Agricultural land-use types, such as small grains, hayfields, old fields, lightly grazed pastures, fallow fields, no-till crop fields, and linear strips of grassy habitat, such as fencerows and areas along streams and roads, are readily used by many grassland bird species [45,49]. The conversion of row crops into permanent grass cover through the U.S. Department of Agriculture’s Conservation Reserve Program has been very successful in creating new habitats for these and other grassland birds, and has resulted in population increases [45,47,49,53]. Based on our results, grassland birds might also benefit from the habitat created by large-scale bioenergy production areas that use advanced switchgrass cultivars, especially if interspersed with forb-rich habitats such as prairie or early succession habitats. Future research should evaluate the effects on grassland and other bird species of bioenergy production area characteristics (e.g., bioenergy crop species, production area size, plant species composition of sites and surrounding areas, and insect biomass) and consider how these effects would change under future climate conditions.
5. Conclusions
This study provided promising results that suggest that the establishment of large tracts of advanced switchgrass cultivars for bioenergy production, especially if interspersed with forb-rich habitats such as prairie or early succession habitats, could contribute to increases in and the stabilization of vulnerable grassland bird populations. The fact that several grassland bird species used relatively small switchgrass plots on our study sites is encouraging and even more species would be expected to use larger sites. Additional research is needed to address the effects on grassland and other bird species of bioenergy production area characteristics (e.g., bioenergy crop species, size of production sites, plant species composition of sites and surrounding areas, and insect biomass on production sites) and consider how these effects would change under future climate conditions. Related research, funded by the U.S. Department of Energy Bioenergy Technologies Office, is being conducted by our research group in collaboration with others and may address some of these questions.
Author Contributions
Conceptualization, K.E.L., J.F.C., C.R.Z., L.J.W. and D.L.; methodology, K.E.L., J.F.C., J.F., D.D. and L.J.W.; formal analysis, K.E.L., J.F., D.D. and L.J.W.; investigation, K.E.L.; data curation, K.E.L., J.F.C., J.F., D.D., N.N. and L.J.W.; writing—original draft preparation, K.E.L., J.F.C., C.R.Z. and L.J.W.; writing—review and editing, D.L., J.F., D.D., N.N. and M.C.N.; visualization, K.E.L.; project administration, J.F.C.; funding acquisition, M.C.N., J.F.C. and D.L. All authors have read and agreed to the published version of the manuscript.
Funding
This research was funded by the U.S. Department of Energy, Energy Efficiency and Renewable Energy, Bioenergy Technologies Office, grant number DE-EE0008521. The views expressed in this article do not necessarily represent the views of the DOE or the US Government. This manuscript has been created by UChicago Argonne, LLC, Operator of Argonne National Laboratory (“Argonne”). Argonne, a U.S. Department of Energy (DOE) Office of Science laboratory, is operated under contract no. DE-AC02-06CH11357. The U.S. Government retains for itself, and others acting on its behalf, a paid-up nonexclusive, irrevocable worldwide license in said article to reproduce, prepare derivative works, distribute copies to the public, and perform publicly and display publicly, by or on behalf of the Government.

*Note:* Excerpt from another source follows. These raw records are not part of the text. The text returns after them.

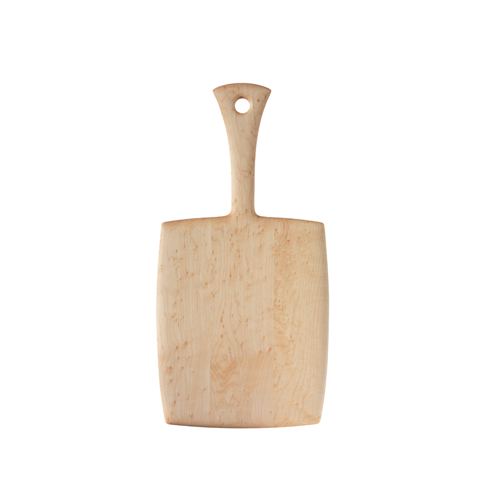 This cutting board by Edward Wohl is an art object that is designed to add aesthetic and utilitarian pleasure to your daily life. Made of solid bird's-eye maple, this board has graceful edges and a liquid-smooth finish. Measures 7.75 x 15.5 inches. Handcrafted in US. Woodgrain pattern will vary.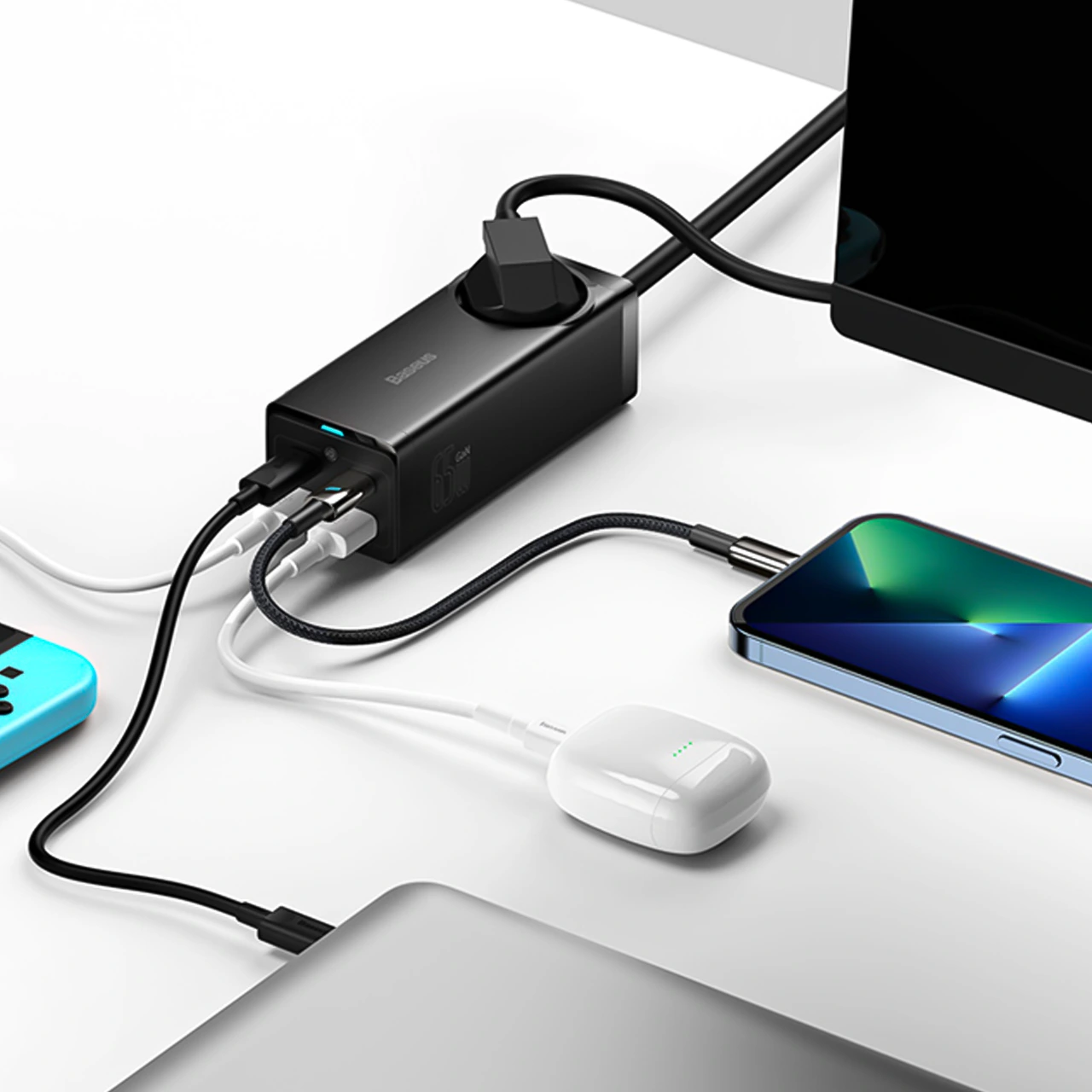مشخصات شارژر رومیزی بیسوس مدل CCGAN65-1ACE با توان خروجی 65 وات، شارژ سریع 4 دستگاه همزمان و پریز برق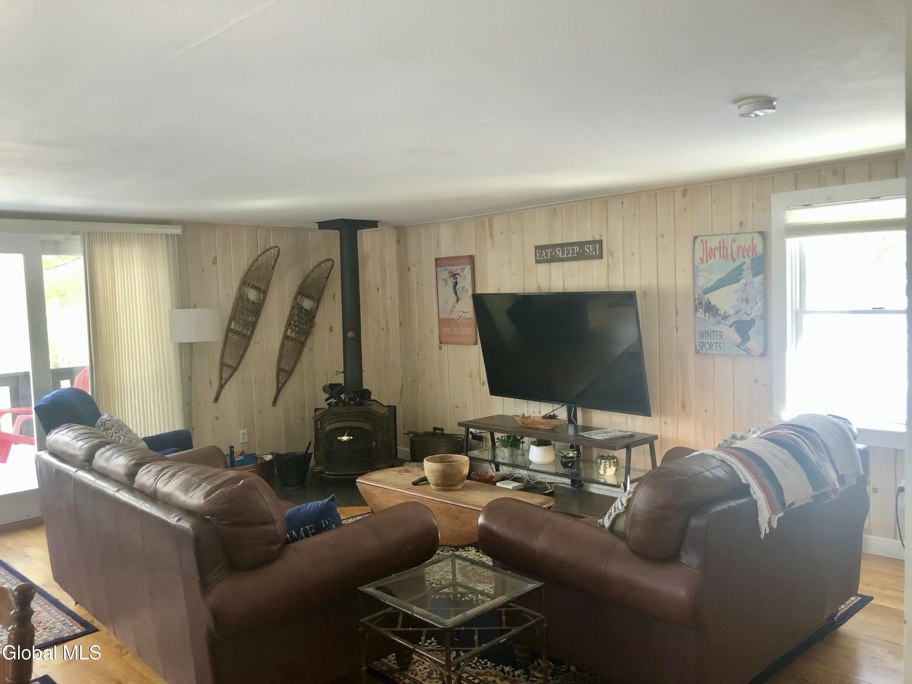 Come discover the perfect blend of comfort, charm, and adventure in this inviting Adirondack chalet. This home is perfectly set back from the road on a private lot, welcoming you with a spacious deck--perfect for grilling, relaxing, and entertaining after a day of adventure. Inside, the recently renovated first floor offers a warm and inviting atmosphere, highlighted by a cozy wood-burning stove, a primary bedroom, and a full bath. Upstairs, you'll find two additional bedrooms and a second full bath, providing comfortable space for family and guests. The property also features a large shed ideal for storing outdoor gear and recreational equipment, along with additional covered storage for firewood. Ideally situated just minutes from skiing at Gore Mountain, to the shops and restaurants of North Creek, to the thrilling rafting on the Hudson River, and endless hiking throughout the Adirondack Mountains, this property offers year-round access to some of the best outdoor recreation. Conveniently located to Friends Lake and Loon Lake and a short drive to Indian Lake, Schroon Lake and Brant Lake and the Queen of Lakes, Lake George. Whether you're searching for a personal ski retreat, a year-round residence, or a turnkey short-term rental opportunity, this charming Adirondack getaway delivers. Being sold fully furnished--making it truly move-in ready. Do not miss your opportunity.
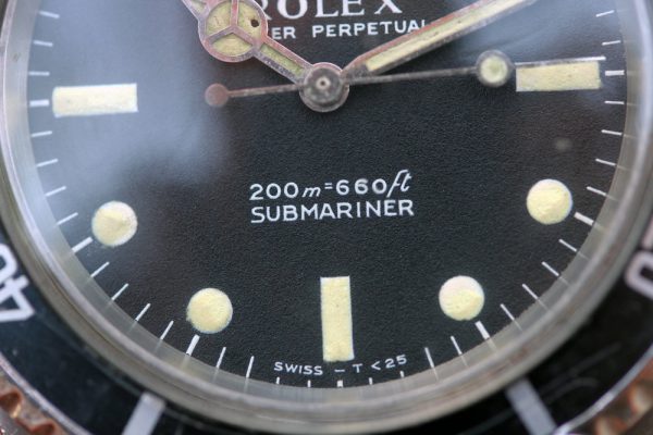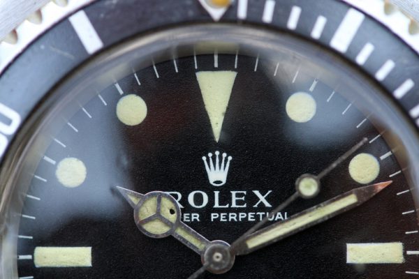Dial is original, matte “Meters First” with nice patina on plots. No drag marks. Hands are original and tritium with matching patina to the dial.
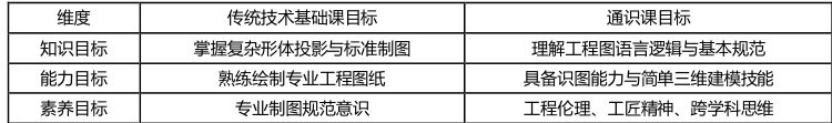 此次《画几与制图》工科通识课建设,相较于传统的技术基础课而言,首先按工科通识课要求更新了课目标。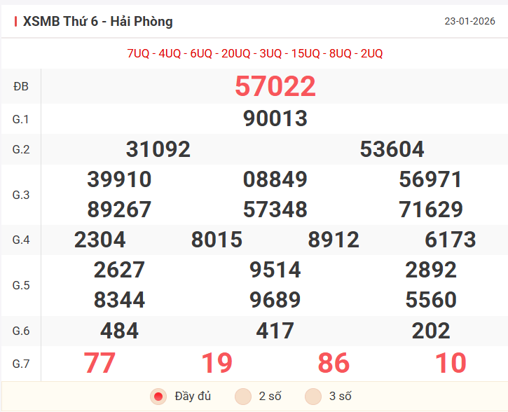 Tổng hợp kết quả xsmb hôm qua thứ 6 ngày 23/01/2026
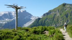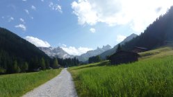 Am Sonntag gingen wir nochmals in den Klettergarten, wo uns ein paar schön fordernde Längen gelangen. Wir müssen ja für die Gamsfreiheit trainieren ... Am Nachmittag wanderten wir dann schwer bepackt zum Gauertal hinaus nach Latschau. Eine ausgiebige Rast bei der Gauertalhütte ließen wir uns nicht entgehen.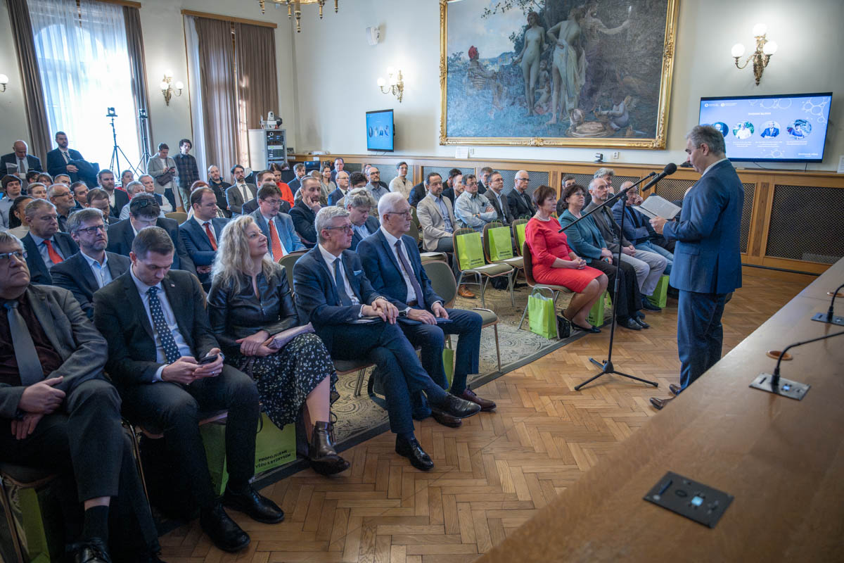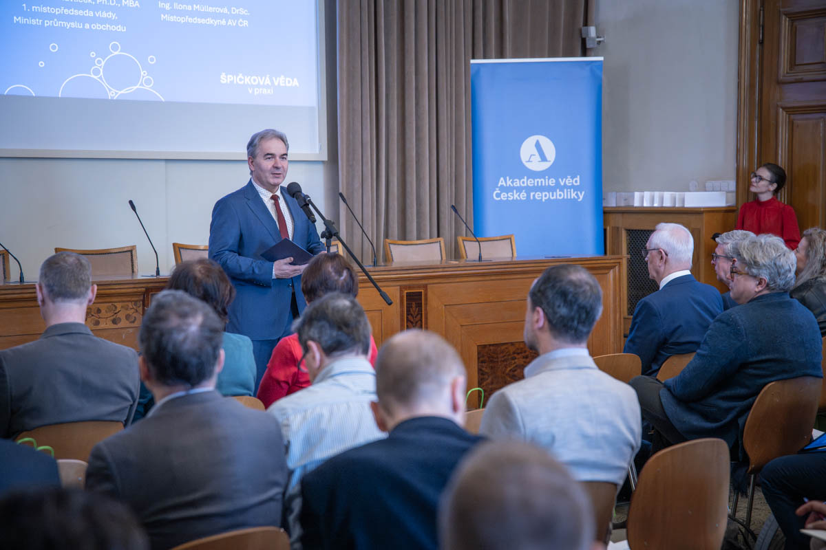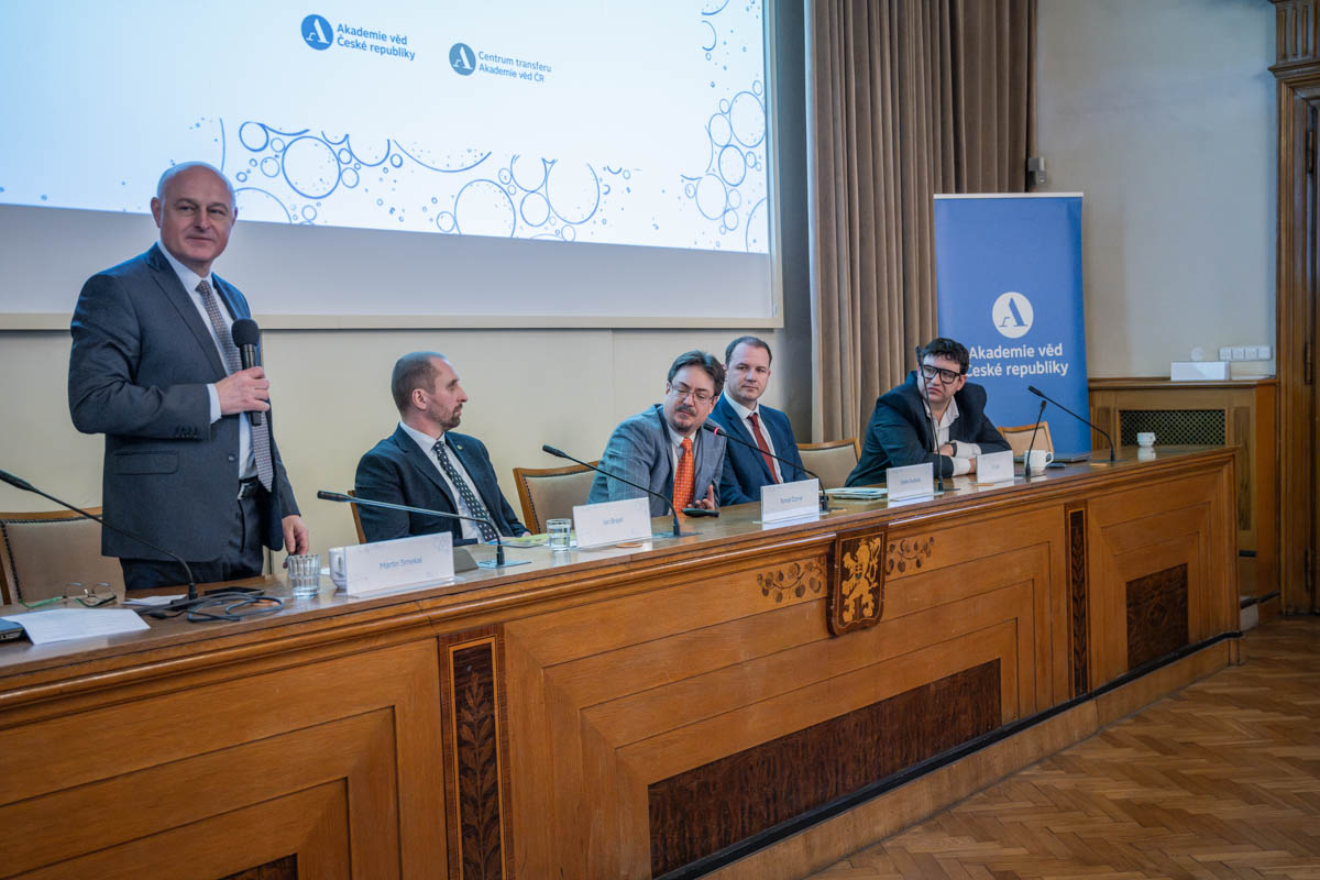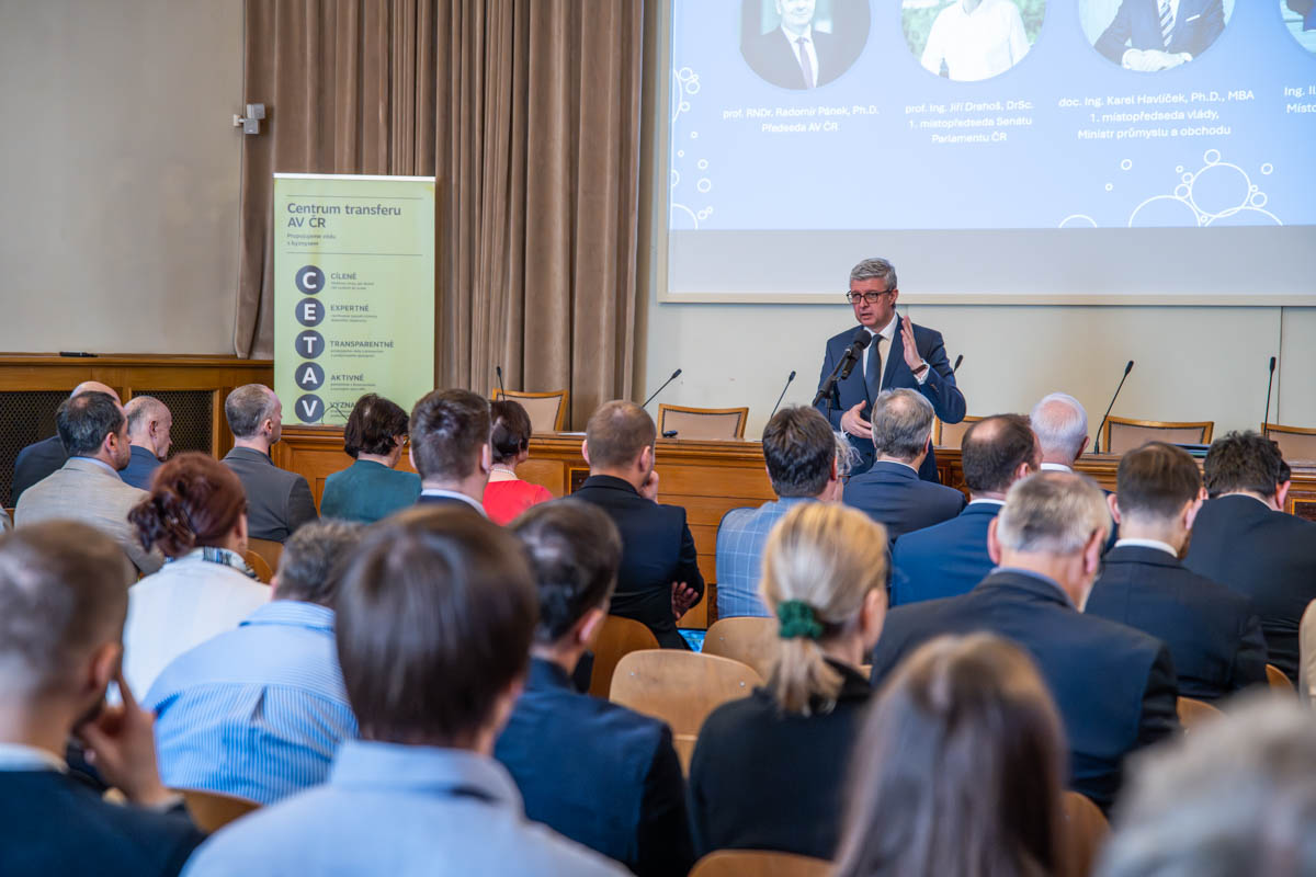 Předseda Akademie věd ČR Radomír Pánek v úvodu konference představil nově zakládanou akciovou společnost.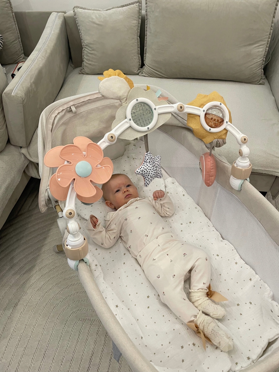 Пока ребенок лежит на спине, игрушки должны быть в пределах досягаемости, а малыш может смотреть в звездное зеркало, играть с прорезывателем или рассматривать игрушки, висящие перед ним.
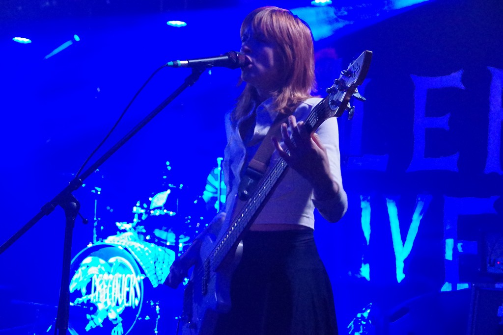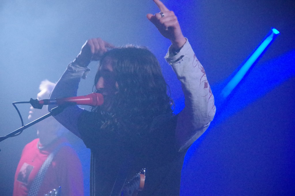 Als nach der kurzen Umbaupause das Licht ausging, machten die Leftovers schnell klar, dass sie auf der einen Seite vor Spielfreude strotzen, auf der anderen aber auch Inhalte vermitteln wollen. Das zeigte bereits „System“ mit seinem Intro über Angststörungen, während sich im Raum schnell viel Bewegung entwickelte. Angst musste hier jedoch niemand haben: Sänger und Gitarrist Leonid steckte früh die Regeln für Moshpit und Crowdsurfing ab, um sicherzugehen, dass sich alle an diesem Abend wohlfühlen können. Das schien gut zu funktionieren, denn bei allem Pogen und Co. herrschte durchweg eine friedliche, rücksichtsvolle Atmosphäre, während die Band ihren druckvollen Punk-Sound spielte, der immer mal wieder Abstecher in Richtung Grunge nahm.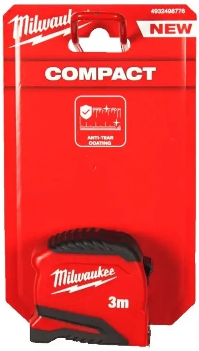 Рулетка Milwaukee Pro Compact 3 м × 19 мм (4932498776) — компактна професійна рулетка з автоматичним фіксатором змотування та лезом з покриттям для довговічності. Корпус із ударостійкого АБС-пластику з гумовими вставками витримує падіння з 2 м. Лезо шириною 19 мм з позначками на 1/8 та 1/16 дюйма, подвійна шкала (метрична та дюймова). Магнітний кінець точно фіксує на металі, вага 0.24 кг для зручного носіння. Висота рулетки 75 мм, ширина 60 мм, довжина 40 мм — поміщається в кишеню.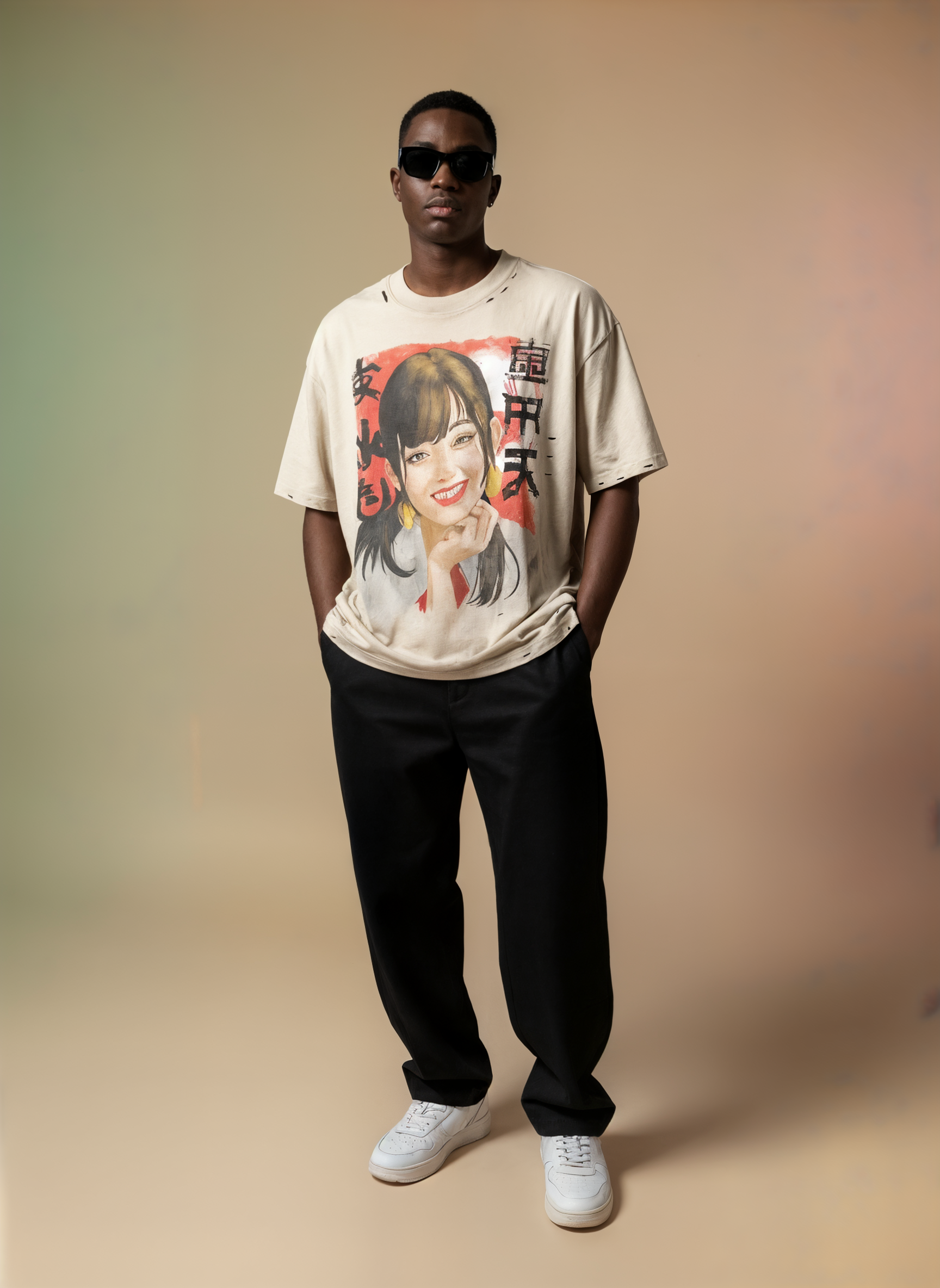 Vintage Frayed Boxy T-Shirt – Chinese Portrait Design

Institutional Review Board Statement
Not applicable.
Informed Consent Statement
Not applicable.
Data Availability Statement
Data can be available upon request.
Acknowledgments
The authors would like to thank the staff, students, and site managers/landowners who assisted with crop and site management and coordination for data collection. We gratefully acknowledge the computing resources provided on Improv, a high-performance computing cluster operated by the Laboratory Computing Resource Center at Argonne National Laboratory.
Conflicts of Interest
The authors declare no conflicts of interest.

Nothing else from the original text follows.